HIPERLAN Type 2 is a reserved channel access protocol that forms ad hoc networks. HIPERLAN Type 2 ad hoc networks support distributed activities similar those of the HIPERLAN Type 1 ad hoc networks, Bluetooth piconets and IEEE 802.11 independent basic service sets (IBSS). HIPERLAN Type 2 provides high speed radio communication with typical data rates from 6 MHz to 54 Mbps. It connects portable devices with broadband networks that are based on IP, ATM and other technologies. Centralized mode is used to operate HIPERLAN Type 2 as an access network via a fixed access point. In addition a capability for direct link communication is provided. This mode is used to operate HIPERLAN Type 2 as an ad hoc network without relying on a cellular network infrastructure. In this case a central controller (CC), which is dynamically selected among the portable devices, provides the same level of QoS support as the fixed access point. Restricted user mobility is supported within the local service area. Wide area roaming mobility can also be supported. An overview of the HIPERLAN Type 2 principles of operation is provided in the Broadband Radio Access Networks (BRAN), HIPERLAN Type 2; System Overview, ETSI TR 101 683 VI.I.1 (2000-02) and a more detailed specification of its ad hoc network architecture is described in HIPERLAN Type 2, Data Link Control (DLC) Layer; Part 4. Extension for Home Environment, ETSI TS 101 761-4 V1.2.1 (2000-12).
Other Wireless Standards Supporting Ad Hoc Networks
Other wireless standards support ad hoc networks. Examples include the IEEE 802.15 Wireless Personal Area Network (WPAN) standard, the Infrared Data Association (IrDA) standard, the Digital Enhanced Cordless Telecommunications (DECT) standard, the Shared Wireless Access Protocol (SWAP) standard, the Japanese 3rd Generation (3G) wireless standard, and the Multimedia Mobile Access Communication (MMAC) Systems standard of the Japanese Association of Radio Industries and Businesses.

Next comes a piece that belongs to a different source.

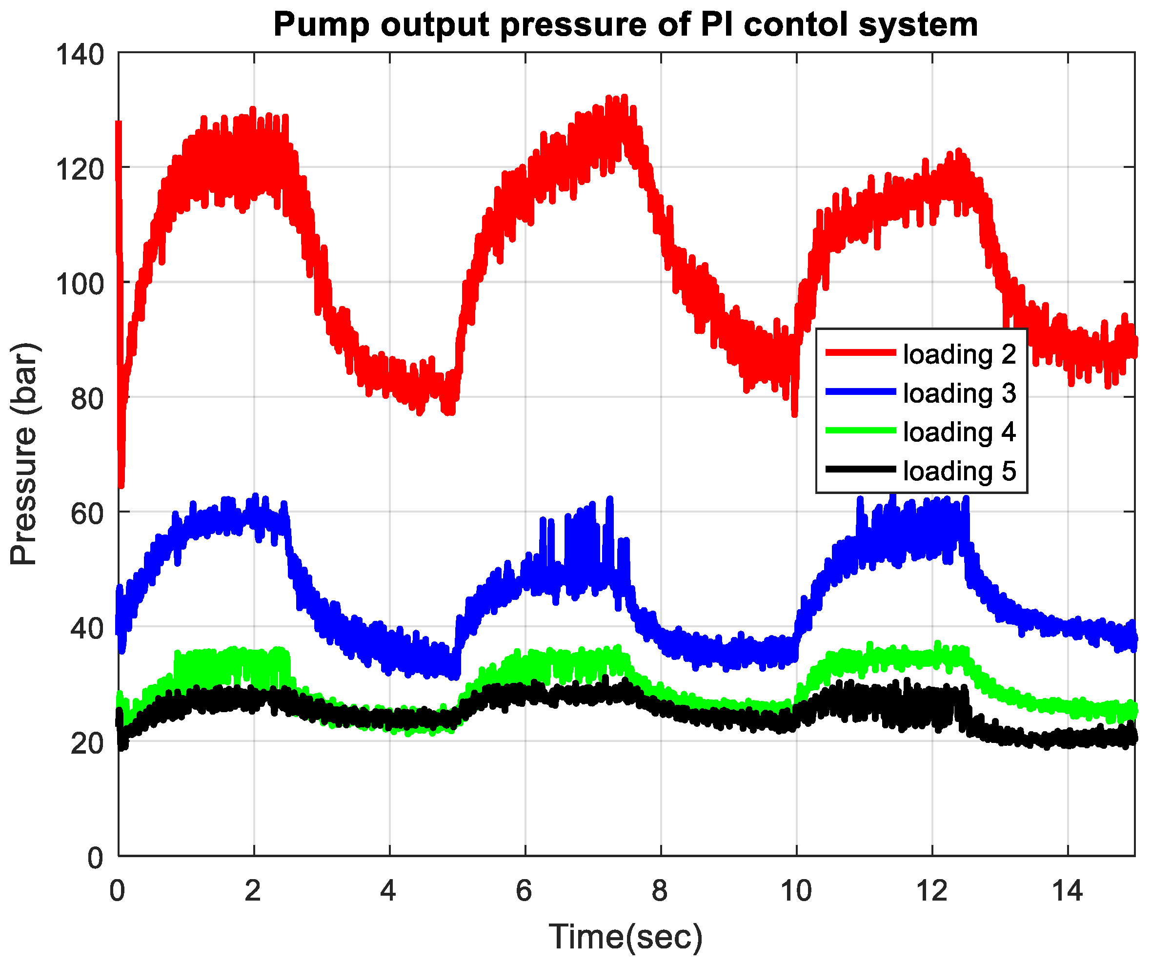 Axial-piston pump output pressure for PI controller system at various loadings.

What would be desirable in the prior art is a way to unambiguously associate a name entered by the user with the device address of the user's wireless device, and distribute that name throughout the ad hoc network. It would be desirable to enable a member of an ad hoc network to select the user's displayed name on the member's wireless device, and have the user's address automatically appended to a message to be sent by the member to the user's device. What would be desirable is to reliably resolve naming conflicts between members with the same selected device name, which they have distributed throughout an ad hoc network. What would be desirable is a way to solve the problem of resolving device name conflicts when adding devices to existing ad hoc networks or when joining two ad hoc networks together.